Maybe I’m not bisexual. Maybe I’m just gay. Saying, “I’m gay” seems so much scarier than saying, “I’m bisexual.” My attraction to girls is just more powerful. There were many times where I wanted to date a girl, but I was afraid of coming out to the world again. I shouldn’t be afraid, but everyone makes it so much harder to be myself. I have to worry about my parents’ image, what our Asian culture and community think, what other religions think, what society thinks, and it’s insane that I have to think about them first. I’d rather think about myself first. That may sound selfish, but if I’m not happy, what’s the point of living?
We’re so worried about everyone else’s comfortability that we don’t worry about our own.
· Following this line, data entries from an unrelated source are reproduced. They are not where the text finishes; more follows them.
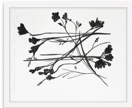
Freesia June 26 2018 Ink on paper 16" x 20" VIEW TO SCALE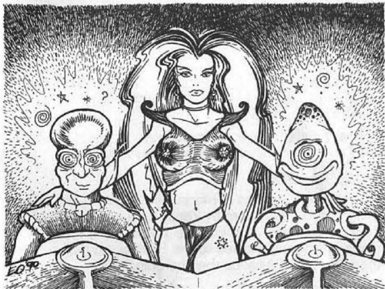
"Syreen with Hypnotized Crew"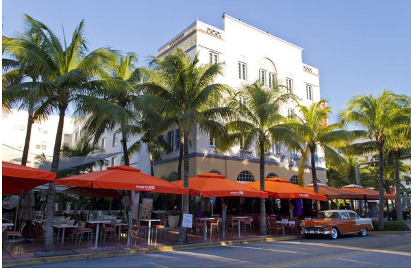
Miami South Beach----Ans van Beek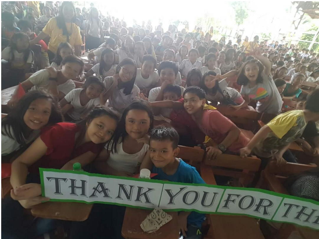
With over 1100 students and 36 classrooms, Libsong is one of the larger schools in the region.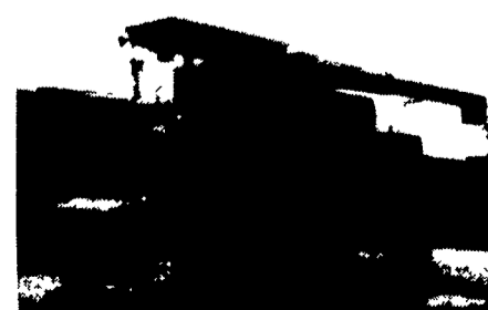
1984 MF 860 4x4 Combine Ser # 18839 2,478 Hr $18,000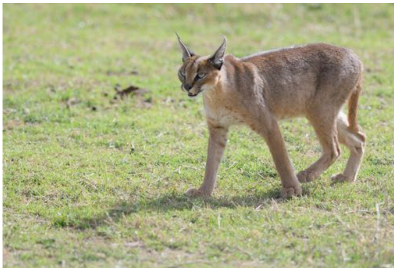
Caracal - nobody expected this!

After a toilet stop we drove out into the plains where amazingly we found another Caracal , albeit quite distant. We also saw Pectoral-patch Cisticola , Black-bellied Bustard , Spotted Hyena , a confiding Rosy-breasted Longclaw , Montagu's Harrier , another sleeping Lion , some African Quailfinches coming to drink in a stream, before heading to the Hippo Pools. Needless to say they were full of Hippos and some waterbirds but with rain threatening we drove to the picnic site. Here there were many Fan-tailed Widowbirds in non-breeding dress, African Fish-Eagles , flocks of Red-billed Queleas and a hunting African Hobby .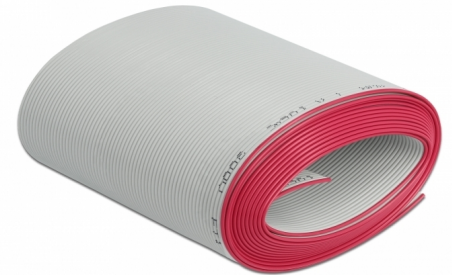
64 Pin / 2 m

This flat cable by Delock allows cable assembly with existing connectors for flat cables. The cable has 64 individual strands and can be used e.g. in test environments or in hobby applications.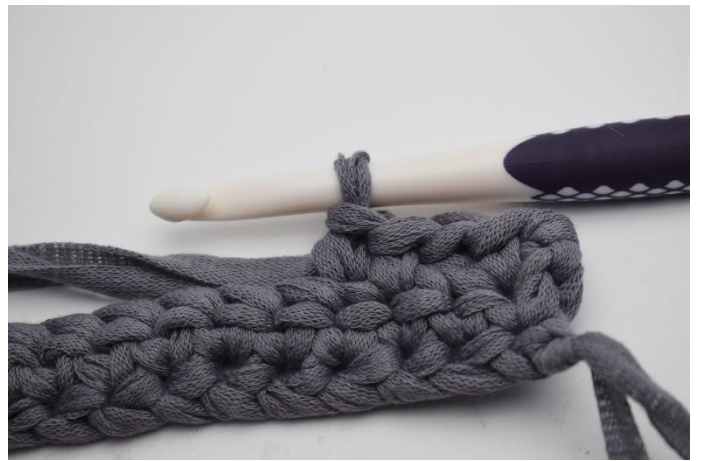
8. Like this.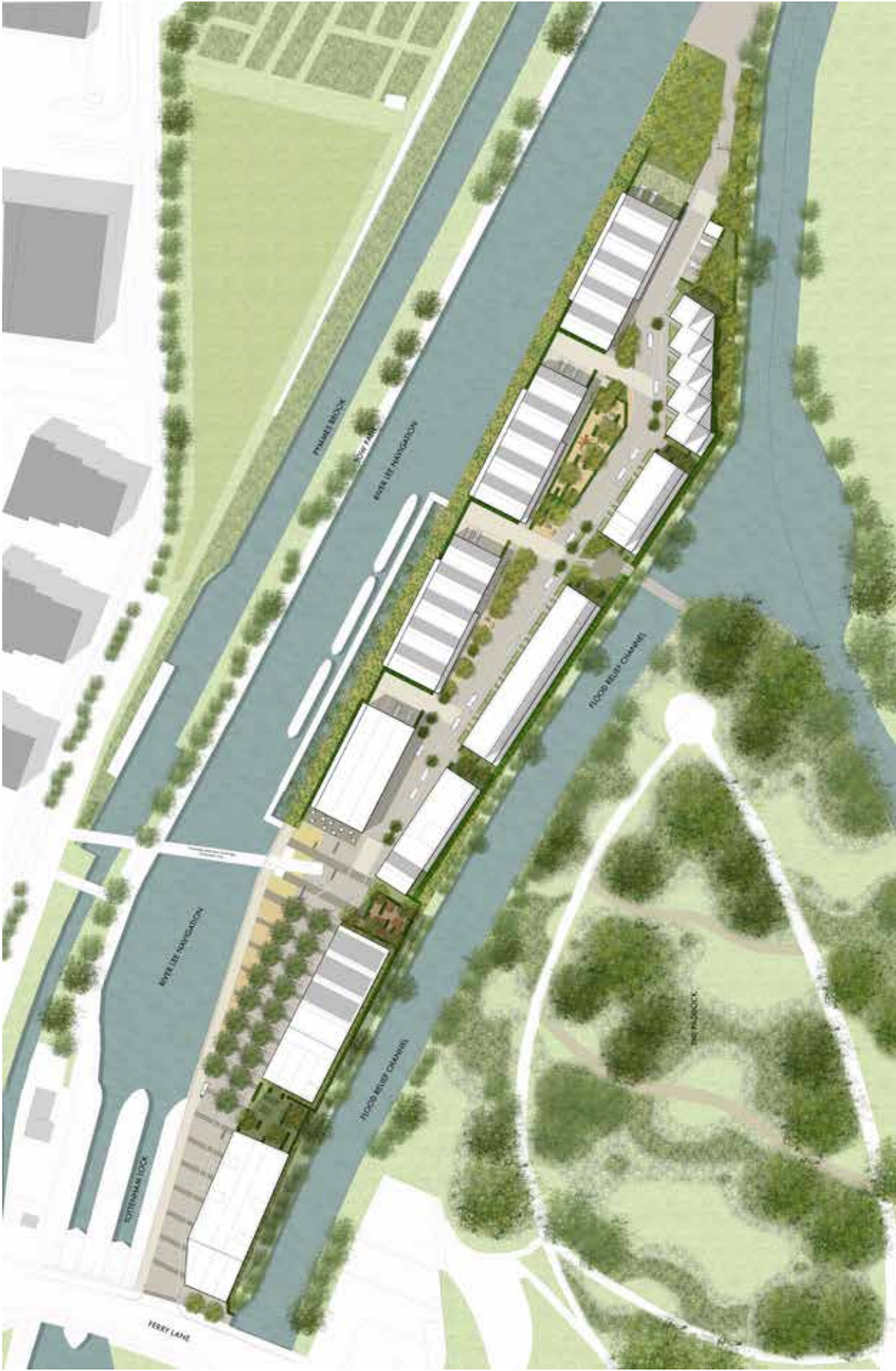
Illustrative landscape masterplan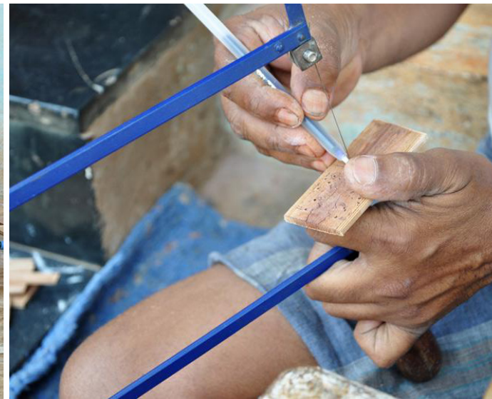
A coping saw is used to cut intricate external shapes.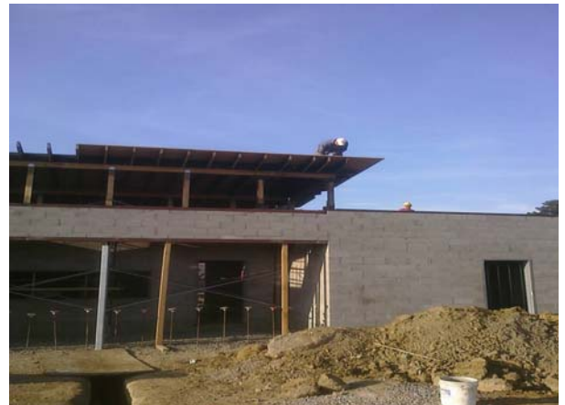
Concession Stand - Roof Plywood Covering

Whenever other people make racist jokes, harass other people, and make gay jokes, some are worried about speaking against those kinds of jokes in fear of thinking, “Oh, are you gay or something?” Or say, “It’s just a joke.” Or will even say, “It’s not wrong if it’s true.” That kind of behavior is something no one should have to tolerate.
Growing up, people will say, “Be true to who you are” but when we do, they say, “Oh, don’t be like that.” It’s like we have to hide until the end of time, and it’s tiring. Not every girl wants a boyfriend, and not every boy wants a girlfriend. Not every girl wants to wear dresses or participate in dance. Some girls want to skateboard, box, wrestle, play sports, etc.
We shouldn’t have to follow any set of rules. We should be who we are and say how we feel without fear. It’s not fair to any of us. Everyone is so worried about the labels, but no one is worrying if they are even good and genuine. We’re so caught up in peoples’ image of us that we just focus on that, but we don’t focus on who we are as a person. Stop taking on the burden of everyone else’s emotions when we should think about ours first. If everyone is comfortable and happy but you, then what’s the point of living life? We should be able to express ourselves freely without hesitation.